» Data for the task:
□ □ □ □ □
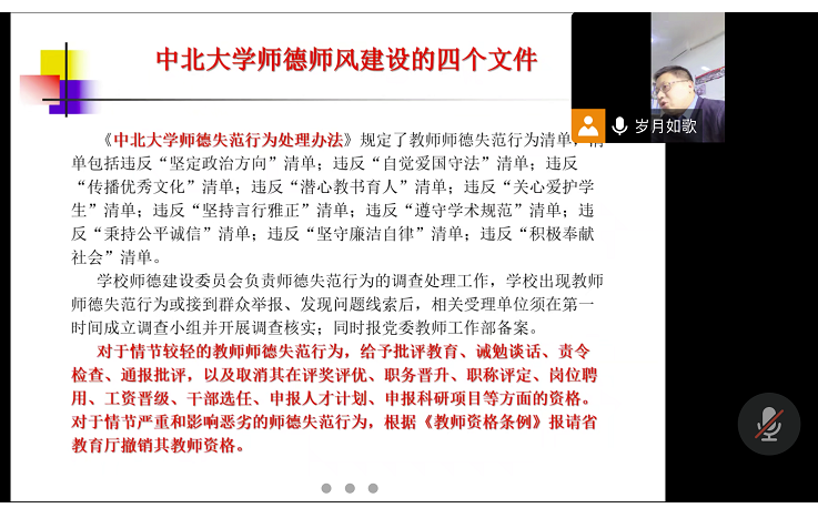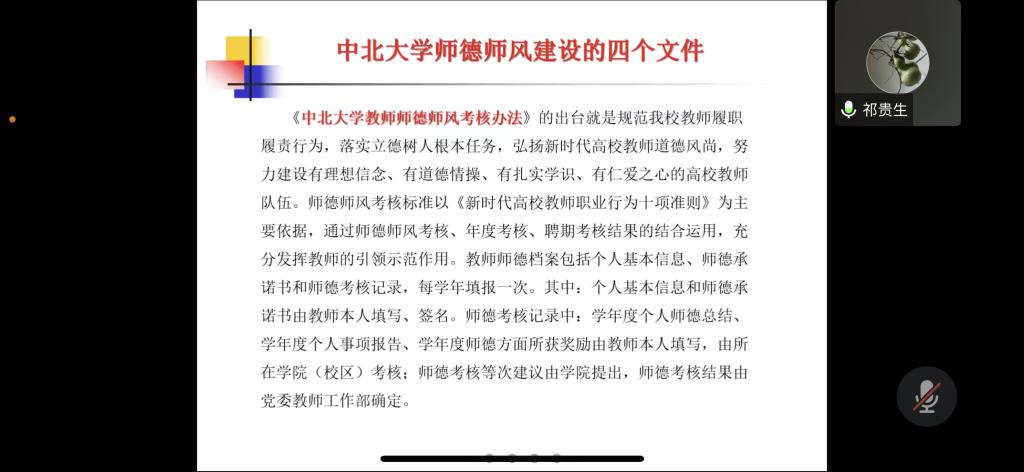 会上祁贵生院长、王建龙、王艳红、朱海林、马忠平、李永祥、任福德等老师先后发言,谈了对本专业在师德师风方面的看法和建议,要求老师对照学校的师德师风要求的文件,开展自查自纠,相互监督,对于师德失范行为敢于揭露,建立了学习制度、严格落实、树立师范、潜移墨化的师德师风的长效机制。
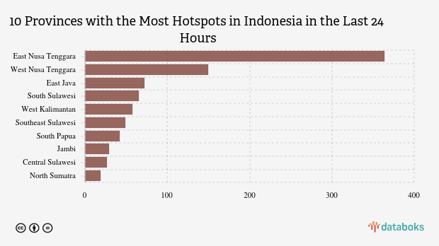 The most detected hotspots were in East Nusa Tenggara with 364 points. West Nusa Tenggara ranked second with 150 hotspots. East Java was in third position with 72 hotspots.
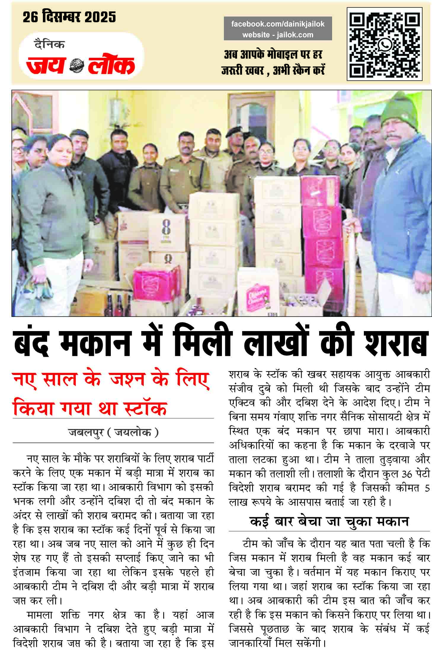 मामला शक्ति नगर क्षेत्र का है। यहां आज आबकारी विभाग ने दबिश देते हुए बड़ी मात्रा में विदेशी शराब जप्त की है। बताया जा रहा है कि इस शराब के स्टॉक की खबर सहायक आयुक्त आबकारी संजीव दुबे को मिली थी जिसके बाद उन्होंने टीम एक्टिव की और दबिश देने के आदेश दिए। टीम ने बिना समय गंवाए शक्ति नगर सैनिक सोसायटी क्षेत्र में स्थित एक बंद मकान पर छापा मारा। आबकारी अधिकारियों का कहना है कि मकान के दरवाजे पर ताला लटका हुआ था। टीम ने ताला तुड़वाया और मकान की तलाशी ली। तलाशी के दौरान कुल 36 पेटी विदेशी शराब बरामद की गई है जिसकी कीमत 5 लाख रूपये के आसपास बताई जा रही है।
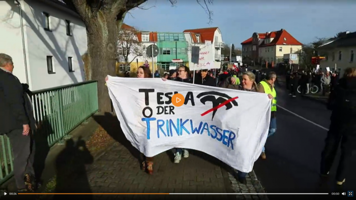 环保组织除了上法院,在当地的游行也没停,从特斯拉建厂开始,每天当地都有示威者上街,说这个工厂对当地的野生动物和水源有挺大影响,举的条幅上面写着:选特斯拉还是选喝水。
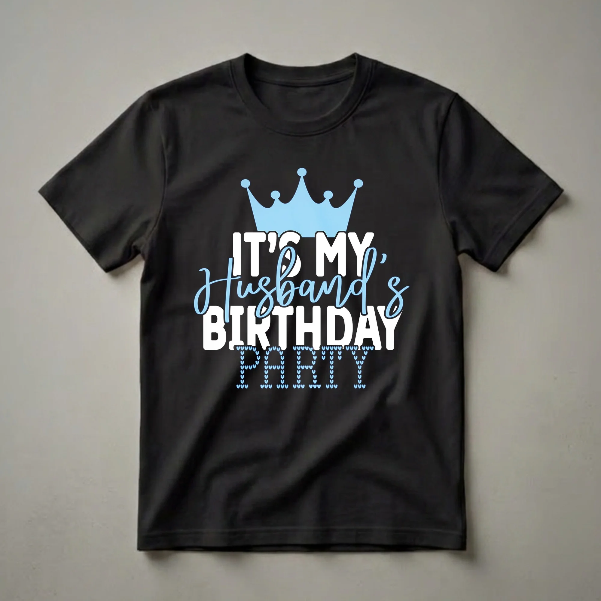 Wives looking to celebrate their husband's special day will reach for this festive birthday party tee. The design prominently features a light blue crown, symbolizing royalty and celebration, positioned above bold white text that declares, "IT'S MY Husband's BIRTHDAY PARTY." The word "PARTY" itself is creatively rendered using a pattern of small, light blue hearts, adding a touch of playful affection to the announcement. This t-shirt is a clear and joyful declaration, great to wear to a birthday dinner, a surprise party, or any gathering honoring the husband. It serves as a fun way to share the occasion with friends and family, making it known who the guest of honor is. Birthdays are significant milestones, and this shirt helps mark the occasion with a clear, celebratory message. It makes a thoughtful gift from a wife to her husband, or even from friends who are organizing a surprise celebration for him. Wearing this shirt announces the festive spirit and the reason for the gathering, ensuring everyone knows it's time to celebrate the husband.
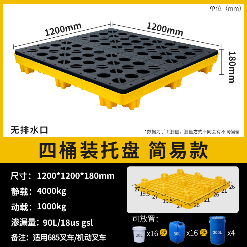 오일 드럼 누설 방지 팔레트 운송 누설 방지 팔레트 단일 2 4 배럴 누설 방지 플랫폼 지게차 카드 플라스틱
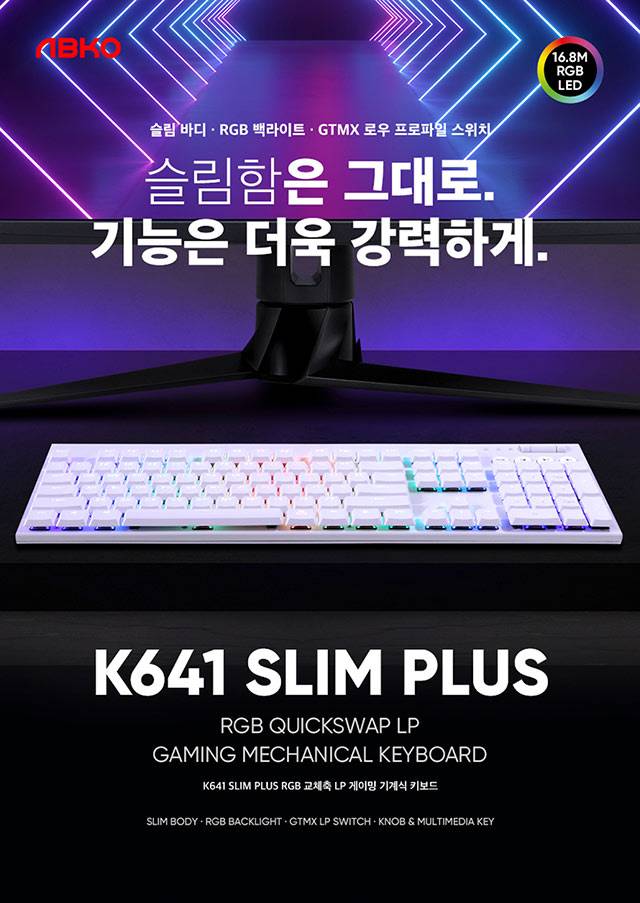 삶의 새로운 패러다임, "뉴 라이프 플랫폼"을 만들어가는 주식회사 앱코에서 ABKO K641 SLIM PLUS RGB 게이밍 기계식 키보드(이하 K641 SLIM PLUS)의 출시 소식을 전했다.
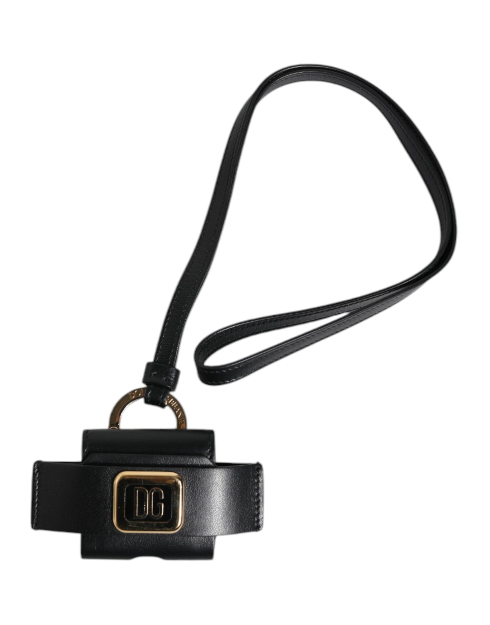 Dolce & Gabbana Black Leather Strap Gold Metal Logo Plaque Airpods Men's Case
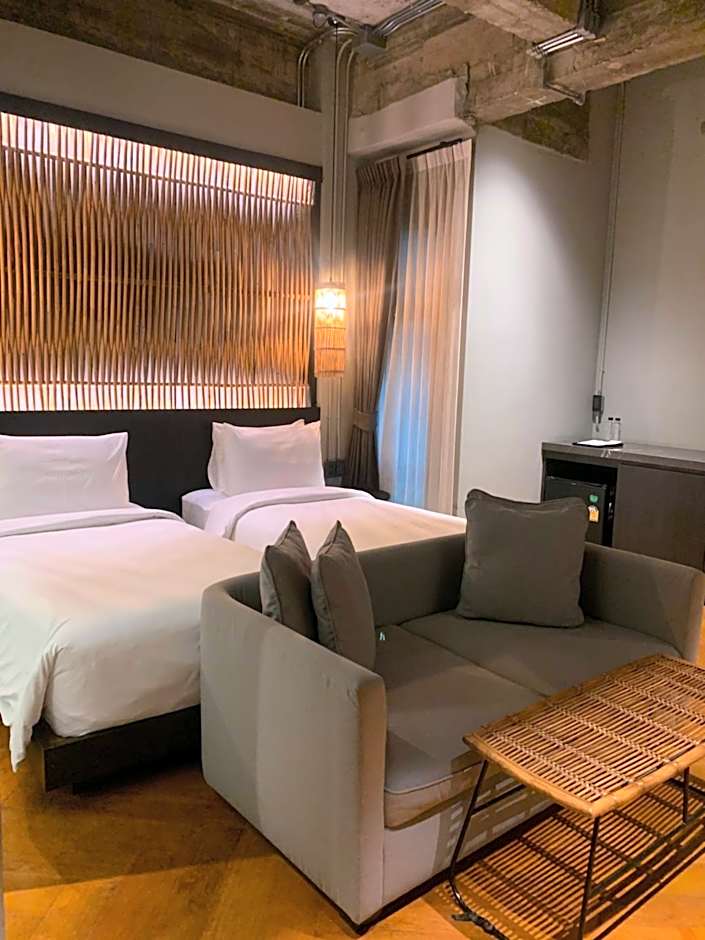 A seating area with a flat-screen TV, a desk, a balcony and a private bathroom are provided in this spacious twin room. The unit offers 2 beds.
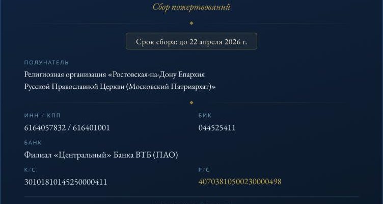 Желающие помочь могут перечислить любую сумму пожертвований на расчетный счет Ростовской-на-Дону епархии.
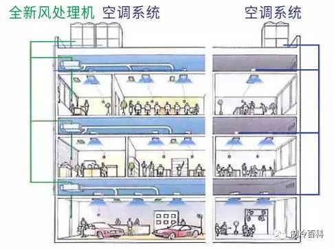 以上两种简单粗暴,但条条大路通罗马,还有其他的新风处理方式,比如风冷热泵冷水机组为新风机提供冷热源、比如直膨式的新风机屋顶机等等
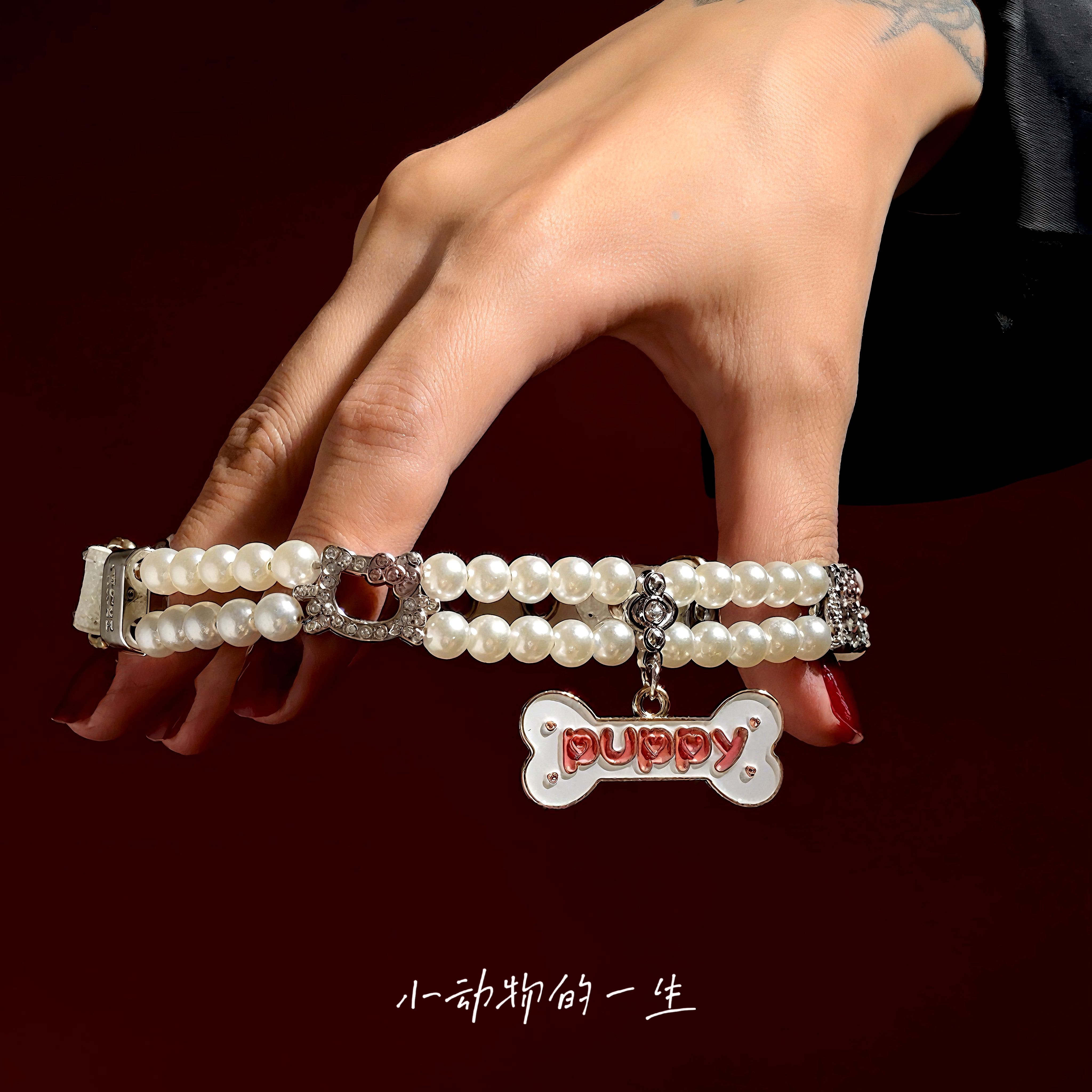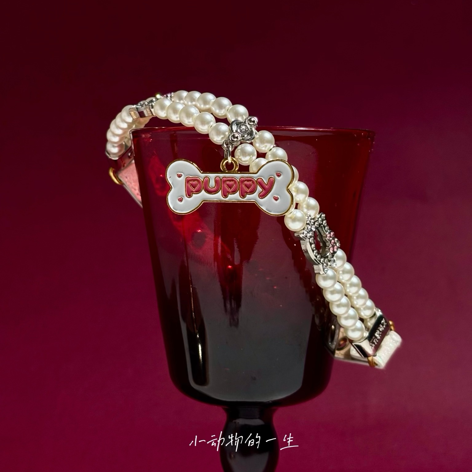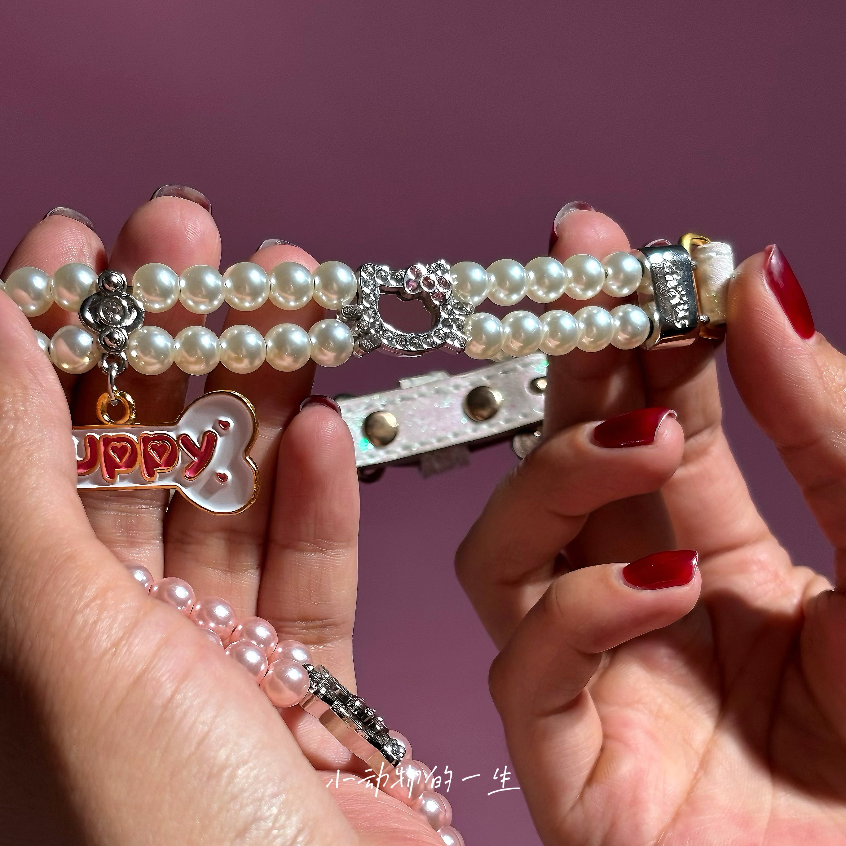 项链项圈珍珠狗牌牵引绳颈带链子颈锁骨颈环粉色脖子可爱小puppy
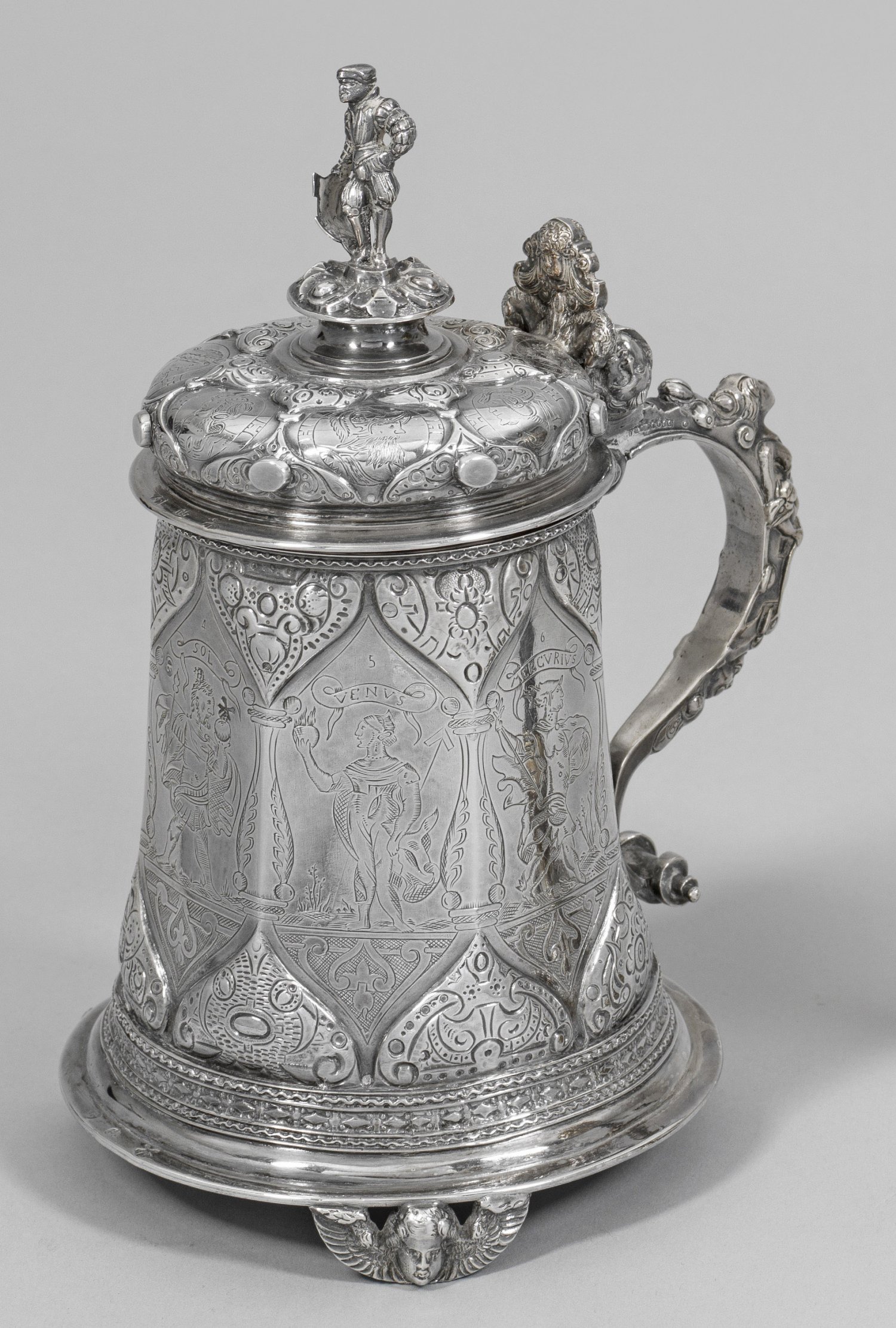 Historismus Götter-Humpen Silber. Auf drei Cherubinen stehender, runder, im Mittelteil siebenkantiger Korpus. Wandung umlaufend graviert mit sieben mythologischen Götterfiguren. Auf gewölbtem Deckel sieben gravierte Profilköpfe und abschließend plastischer Knauf in Gestalt eines Schildknappen. Volutenhenkel und Daumenrast mit Maskarons. Im Boden eingearbeitete Münze mit Kaiser Maximilian. Innen vergoldet. Gest. "13" (Lot). Meistermarke CB. Gew. 660 g. H. 21 cm.
□ □ □ □ □
» Task details: Every line from the one with "Dolce & Gabbana" through the one with "项链项圈珍珠狗牌牵引绳颈带链子颈锁骨颈环粉色脖子可爱小puppy" is to be reproduced exactly as written above, and the pictures are to be dropped.

» Solution for this problem:
 Dolce & Gabbana Black Leather Strap Gold Metal Logo Plaque Airpods Men's Case
 A seating area with a flat-screen TV, a desk, a balcony and a private bathroom are provided in this spacious twin room. The unit offers 2 beds.
 Желающие помочь могут перечислить любую сумму пожертвований на расчетный счет Ростовской-на-Дону епархии.
 以上两种简单粗暴,但条条大路通罗马,还有其他的新风处理方式,比如风冷热泵冷水机组为新风机提供冷热源、比如直膨式的新风机屋顶机等等
 项链项圈珍珠狗牌牵引绳颈带链子颈锁骨颈环粉色脖子可爱小puppy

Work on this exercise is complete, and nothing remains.